« Vu la densité des vestiges trouvés lorsque l’on a fait les tranchées pour le diagnostic, on se doutait qu’on allait trouver des choses », se réjouit Jennifer Clerget, archéologue pour l’Institut national de recherches archéologiques préventives (Inrap). Dans cette rue de Famars (59), à quelques kilomètres de Valenciennes, les pelleteuses, brouettes et pelles s’agitent en creusant le sol à la recherche de traces antiques. « Nous faisons du sauvetage de vestiges, ajoute l’archéologue. Ce qui est trouvé est lavé, trié, inventorié, photographié et conservé. » Lorsque les équipes de l’Inrap quitteront les lieux, un particulier construira sa maison sur ce terrain chargé d’histoire. Pour l’instant, il patiente tandis que Jennifer Clerget et ses collègues enquêtent. « On se trouve au bord d’une voie, il nous reste à découvrir ce qui la borde. »
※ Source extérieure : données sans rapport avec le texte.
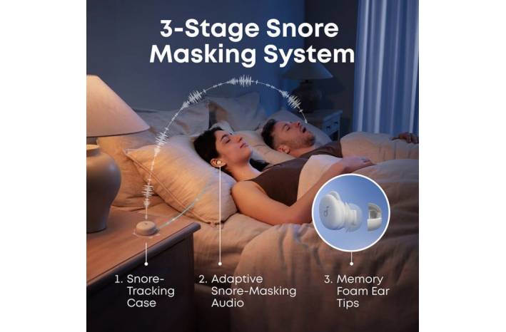 Prilagodljivo maskiranje smrčanja: Polnilna škatlica spremlja in analizira zvoke smrčanja, medtem ko slušalke nenehno optimizirajo zvočno maskiranje smrčanja. Uporablja se pomirjujoč beli šum, ki zmanjšuje nihanja v smrčanju in spodbuja miren spanec.
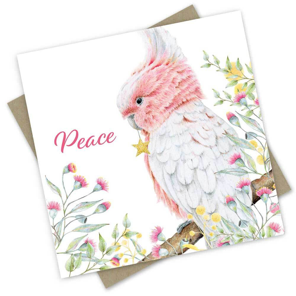 Christmas Card: Pink Cockatoo Peace & Joy

Raphaël Clotuche fouille dans le secteur depuis près de 20 ans. « Déjà, les écrits du XIVe prouvent qu’il y a des choses à Famars, remarque-t-il. Sous Louis XIV, le peintre Antoine Watteau ramenait à Paris ce que les paysans trouvaient dans les champs en labourant : on a une tête d’aigle, un bouc, une statue d’Apollon. » Ces objets nous emmènent dans l’Antiquité, au Ie siècle de notre ère, lorsque Famars s’appelait Fanum Martis. L’Escaut et la Rhonelle sont navigables, les terres sont plutôt bonnes, l’emplacement est stratégique. La cité occupe jusqu’à 200 hectares, dont 10 % ont été explorés par l’Inrap, faisant de cette agglomération antique la plus fouillée de France. Raphaël Clotuche est intarissable sur le sujet. Il décrit la vie d’antan, dont chaque objet retrouvé permet d’en saisir davantage d’aspects. « On a retrouvé des résidus de battage de céréales, des traces d’élevage de chevaux, des morceaux de cochons, donc destinés à l’export », cite-t-il. Des traces de la présence de grands contrôleurs d’impôts sont retrouvées : on en déduit que la ville concentre alors une activité économique importante. « Plus de 1 000 hectares de céréales dépendent directement de la cité, poursuit Raphaël Clotuche. Elles nourrissent la ville et sont exportées. » Famars produit également de la céramique avec l’argile de Bavay et les amphores qui sont ensuite fabriquées sont retrouvées à la frontière allemande, en Suisse et Outre-Manche. À l’intérieur, on y stocke un liquide fabriqué avec des céréales… « De la bière ou de la cervoise », suppose l’archéologue. Vers les années 100 à 120, la ville est quadrillée, signe de la densité de sa population, un forum et un théâtre sont localisés lors de fouilles archéologiques. « On fabrique aussi de la colle avec les os des bœufs abattus à Famars. Ils viennent des campagnes voisines, sans doute de quartiers pas encore étudiés. » En revanche, pas une trace de poulets complets dans les zones déjà fouillées. « Ils arrivent certainement découpés après avoir été tués ailleurs. »

Et puis le Bas empire marque la transformation de la ville en un centre militaire. Des fortifications sont construites, les populations sont déplacées « on ne sait où », les militaires – des soldats paysans – arrivent pour cultiver des parcelles lorsqu’ils ne sont pas mobilisés pour l’armée. « Des lots de féveroles ont été retrouvés, carbonisés par un incendie, et nous montrent que la féverole était déjà cultivée. » De l’époque carolingienne et du Moyen-Âge, peu de traces. Famars redevient un petit village. Une chance pour l’archéologie. « C’est ce qui a permis de sauvegarder les traces romaines. » Aujourd’hui, faux, fossiles, scies, hipposandales et serpes, sont précieusement conservées par l’Inrap à Achicourt (62).